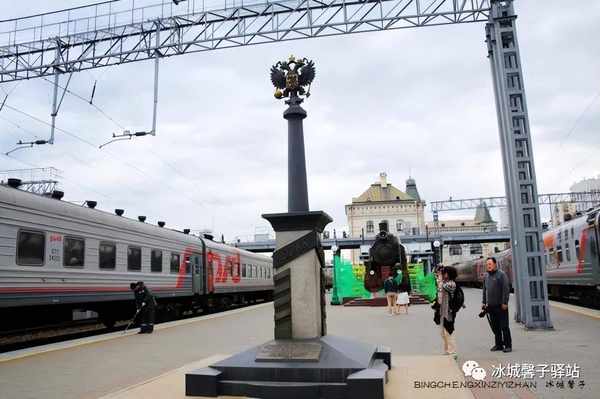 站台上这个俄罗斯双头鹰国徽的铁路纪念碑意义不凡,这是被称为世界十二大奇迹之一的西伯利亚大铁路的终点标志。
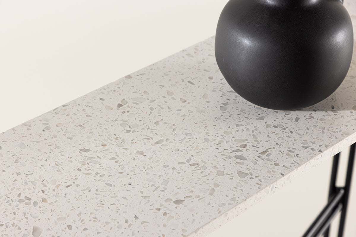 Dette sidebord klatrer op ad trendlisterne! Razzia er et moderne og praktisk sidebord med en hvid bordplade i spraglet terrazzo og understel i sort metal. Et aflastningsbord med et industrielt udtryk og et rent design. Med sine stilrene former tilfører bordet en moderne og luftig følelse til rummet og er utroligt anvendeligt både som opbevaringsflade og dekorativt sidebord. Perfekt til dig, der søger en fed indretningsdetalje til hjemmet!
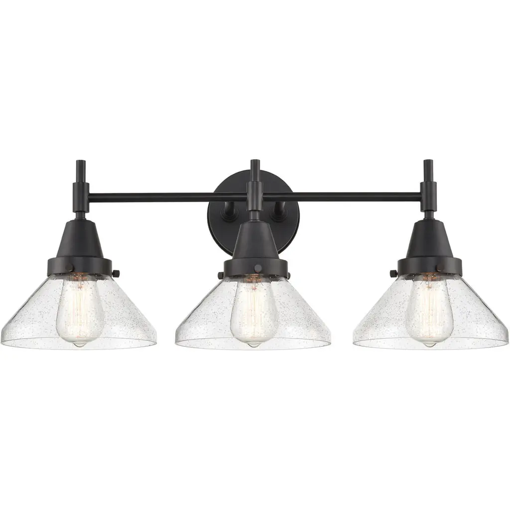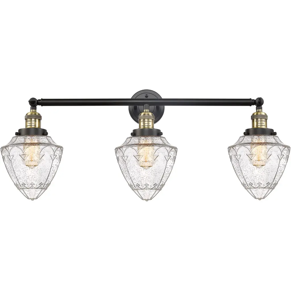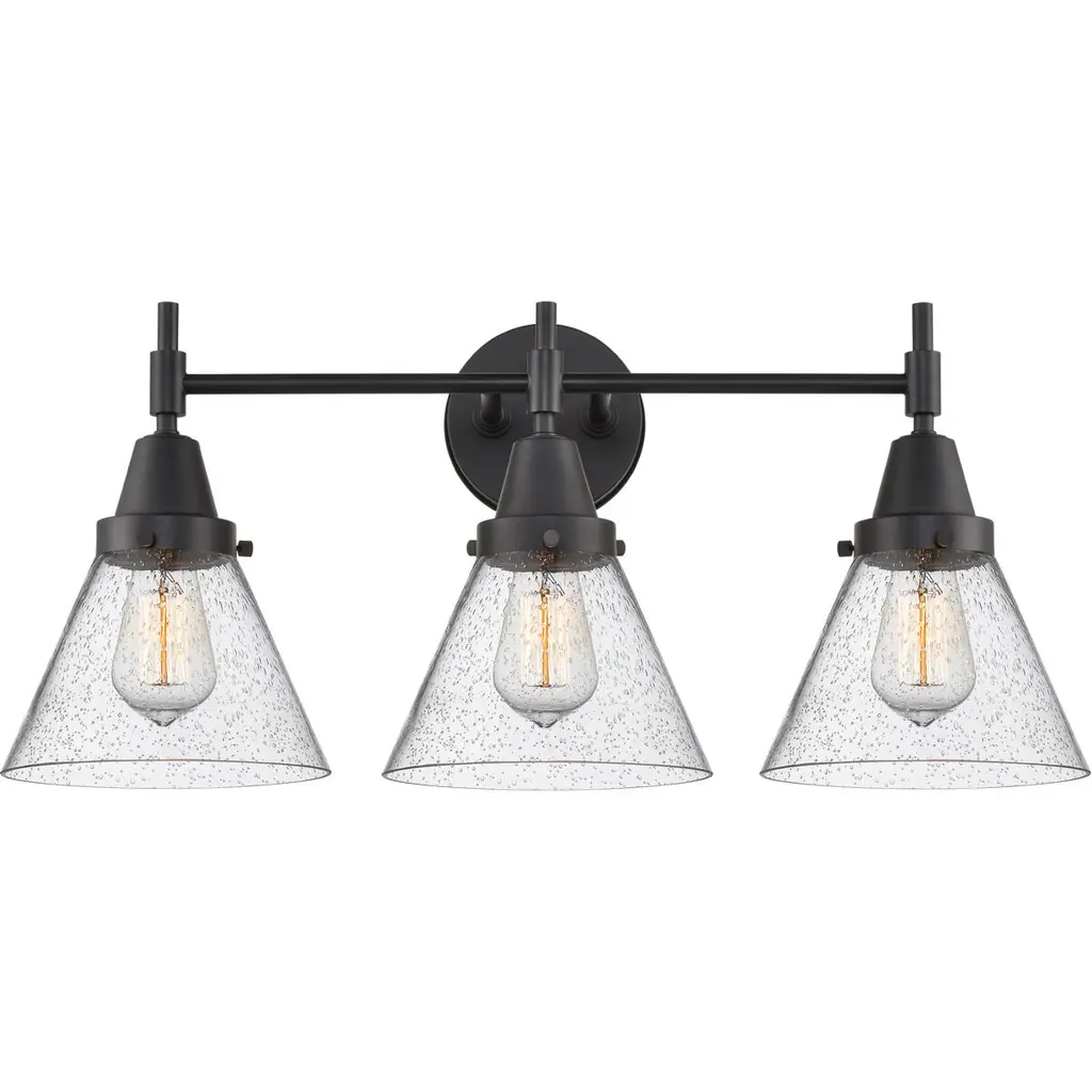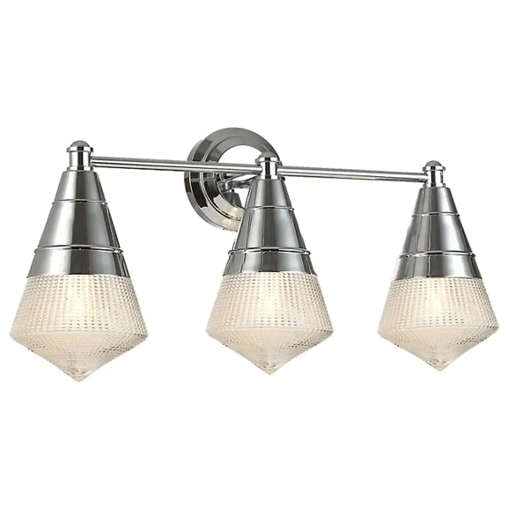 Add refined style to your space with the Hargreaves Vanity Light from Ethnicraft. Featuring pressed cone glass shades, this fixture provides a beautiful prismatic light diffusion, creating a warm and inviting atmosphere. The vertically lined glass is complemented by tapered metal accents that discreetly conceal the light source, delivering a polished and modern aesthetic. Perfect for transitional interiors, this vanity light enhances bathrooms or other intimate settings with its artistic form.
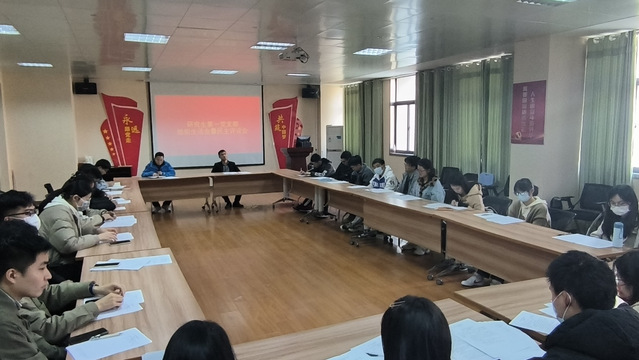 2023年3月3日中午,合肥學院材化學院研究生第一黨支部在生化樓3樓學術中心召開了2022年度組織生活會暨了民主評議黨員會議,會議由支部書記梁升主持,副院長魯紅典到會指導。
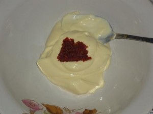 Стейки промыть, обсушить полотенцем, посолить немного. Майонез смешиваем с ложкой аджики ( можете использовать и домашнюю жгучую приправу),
---+---
Problem to work on
Nothing should appear in the reply except the lines from the start of the listing above through the line with "Dette sidebord klatrer", repeated exactly and free of pictures.

Exercise response
 站台上这个俄罗斯双头鹰国徽的铁路纪念碑意义不凡,这是被称为世界十二大奇迹之一的西伯利亚大铁路的终点标志。
 Dette sidebord klatrer op ad trendlisterne! Razzia er et moderne og praktisk sidebord med en hvid bordplade i spraglet terrazzo og understel i sort metal. Et aflastningsbord med et industrielt udtryk og et rent design. Med sine stilrene former tilfører bordet en moderne og luftig følelse til rummet og er utroligt anvendeligt både som opbevaringsflade og dekorativt sidebord. Perfekt til dig, der søger en fed indretningsdetalje til hjemmet!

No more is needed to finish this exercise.